Engellileri konu alırken en büyük yol göstericinin onlara bakışını bilmeden, görmeden olmaz… Peygamberimizin engelliye bakışı tam da olması gereken gibi… Her şeyi mükemmel olan bunu da öyle yapmaz mı? O; acımadan, incitmeden, küçümsemeden, eksikliklerini görerek ama artılarını ön plana çıkaran bir davranış sergilemiş…
Peygamberimiz Hz. Muhammed (S.A.V) döneminde engellilerin sayısı fazlaydı. Çünkü o dönemde hastalıklar ve savaşlar sebebiyle el, kol, ayak, bacak ve göz gibi organlarını kaybedenler çoktu. Hz. Muhammed (S.A.V) toplum içinde sosyal statüye sahip olmayan ve aşağılanan engelli sahabelere şefkatle yaklaşmış, sosyal hayata katılmalarını sağlamış, istihdam alanında imkan vermiş ve onları topluma kazandırmıştı.
Hadis-i Şerif’lerde engelli sahabelere ait pek çok örnek görüyoruz. Ancak beni en çok Peygamberimizin Zahir isimli sahabeyle ilişkisi etkiledi! Zahir (R.A) bedensel kusurları olduğu için toplum içine çıkmak istemeyen “Herkes bana bakıyor!” düşüncesiyle tedirgin olan ve bu yüzden çölde yaşamayı seçen bir sahabeydi. Peygamberimiz onun bu psikolojik problemini biliyor ve onunla iletişimini kesmiyordu. Zahir, bu ilgiden çok memnun oluyor ve Peygamberimiz sevgisini kazanmış olmak ona bütün problemlerini unutturuyordu.

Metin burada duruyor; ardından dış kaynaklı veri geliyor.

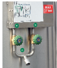
Single point top/bottom fill
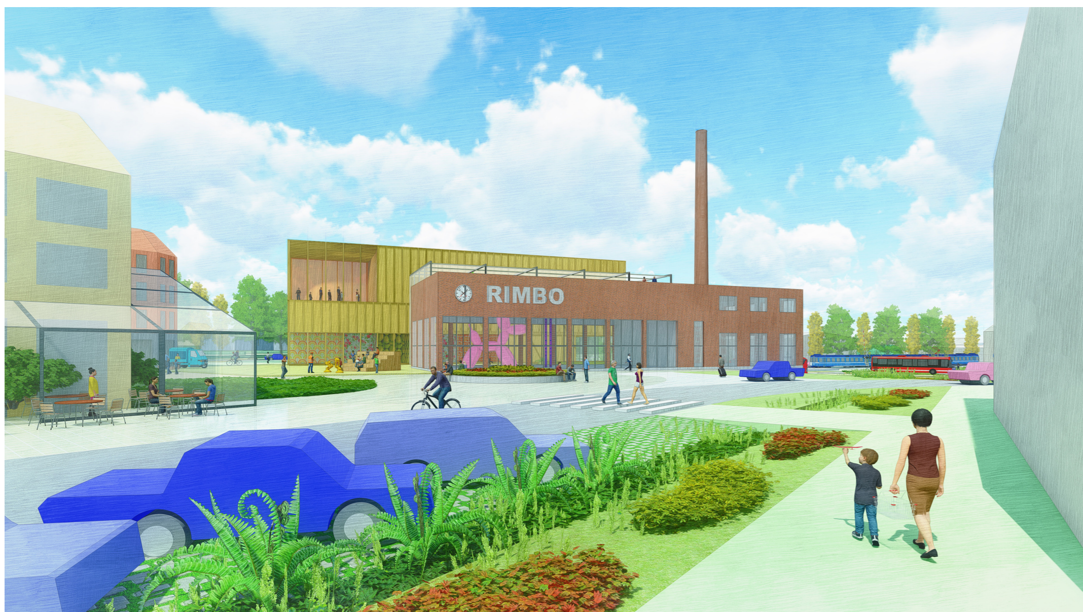
A multifunctional travel centre

The hub combines the characteristic Galten building and a new wooden structure, blending old and new to establish a fresh identity for Rimbo's centre, while honouring the town's history as a rail hub. The generous openings will allow the programme to activate the public space.
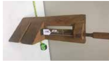
Lot#20611. Approx 29 inch wooden miter jack for workbench
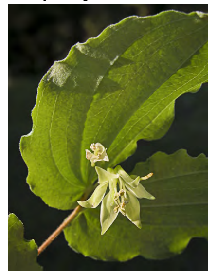
HOOKER FAIRY BELLS (Prosartes hookeri) Native Perennial - Lily Family - (Mar–Jun) -Montane conifer, mixed-evergreen forest, exposed roadside - Stem 12-32" tall. Leaf 1.2-6" long. Flower 0.3-0.6" long, white, hanging below the leaves, stamens > petals.
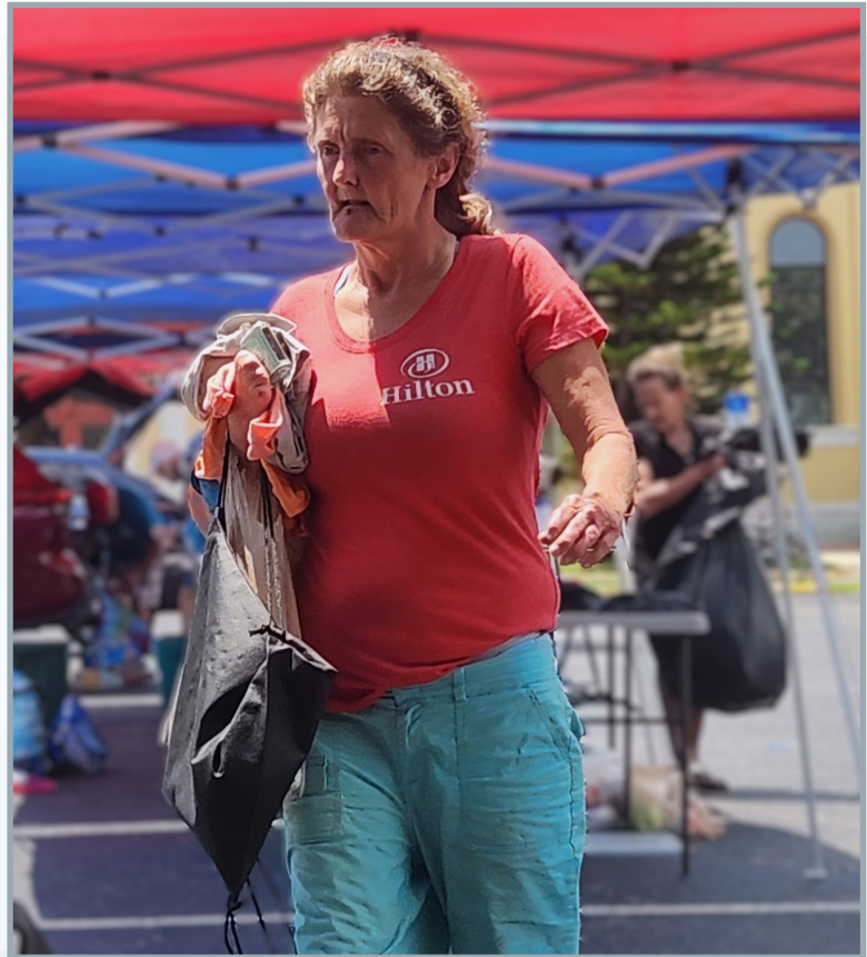
Daytona's Homeless 'Hilton'

As the sun rises, the temperature is already 78 degrees. It will be over 95 degrees soon. I rollover in my tarped lean-to, which is nestled under a bush so I can't be found. This empty overgrown lot is my home. My restless sleep is over.
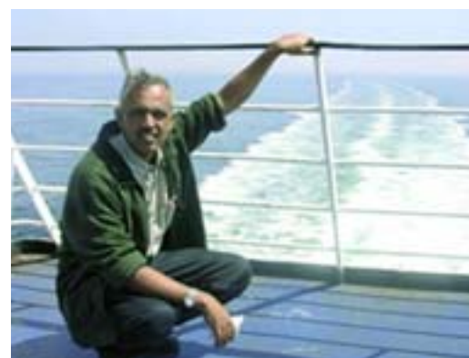
Going to London by sea

Peygamberimiz Zahir’e; çölden bazı bitkileri toplayıp, Medine pazarına getirip beraberce satmayı önermiş ve ayrıca ona bazı siparişler de vermişti. Peygamberimizin bunlara ihtiyacı olmasa da, yaptığı Zahir’i topluma kazandırmak ve ekonomik yönden bağımsız hale getirmek için ne harika bir yaklaşımdı! Pazardaki alışverişlerde Zahir’e yardımcı olan Peygamberimiz “Zahir bizim çölümüzdür (Çölde yaşayanımızı temsil eder). Biz de onun şehriyiz (Şehirde yaşayanını temsil ederiz).” diyerek iltifatlarda bulunmuştu.
Bir gün Hz. Zahir, en kalabalık olduğu saatte Medine pazarına geldi, tenha bir köşede Hz. Muhammed (S.A.V)’i beklerken; Peygamberimiz ona sessizce arkasından yaklaştı ve Zahir’in gözlerini kapatarak şakalaştı… Zahir önce tanıyamayıp “Bırak beni…” dedi, sonra anlayınca Peygamberimize yaslandı. Peygamberimizin o güne kadar hiç kimseye bu kadar samimi davranmadığını bilen çevredekiler bu ilginç duruma şaşkınlıkla baktılar. Peygamberimiz bunu fırsat bilip; tebessüm ederek yüksek bir sesle çevreye: “Bir kölem var! Satıyorum. Onu benden kim alır?” diyerek şakaya devam etti…
Bunun üzerine Zahir, ömrü boyunca yaşadığı kompleksin etkisiyle Peygamberimizin şakasına hüzünle karışık bir şakayla “Yemin olsun ki Ey Allah’ın Elçisi, beş para etmez, sakat bir köleyi satmaya çalışıyorsun! Onu kim alır?” deyince Peygamberimiz birden şakayı bitirdi! Mizahı gerçeğe dönüştürdü ve bütün ciddiyetiyle etrafını sarmış kalabalığa şöyle seslendi: “Hayır! Ey Zahir! And olsun ki Allah ve Resulü katında senin değerin paha biçilmez! Bunun için biz de seni seviyoruz…”
Peygamberimiz böyle davranıp, böyle diyerek ne güzel manevi ve sosyal bir mesaj vermişti. Zahir’i her yönüyle rehabilite etmenin fırsatını yakalamıştı. Herkesin içinde sıkılarak, çekinerek dolaşan Zahir’e öyle bir terapi uygulamıştı ki; o günden sonra Zahir hiç kimse karşısında en küçük bir sıkıntı hissetmeden, rahat ve özgüvenle yaşadı... Bu olaydan sonra çevredeki herkes engellilerle olan ilişkilerini yeniden gözden geçirerek, onlara nasıl bakmaları gerektiğini anladı!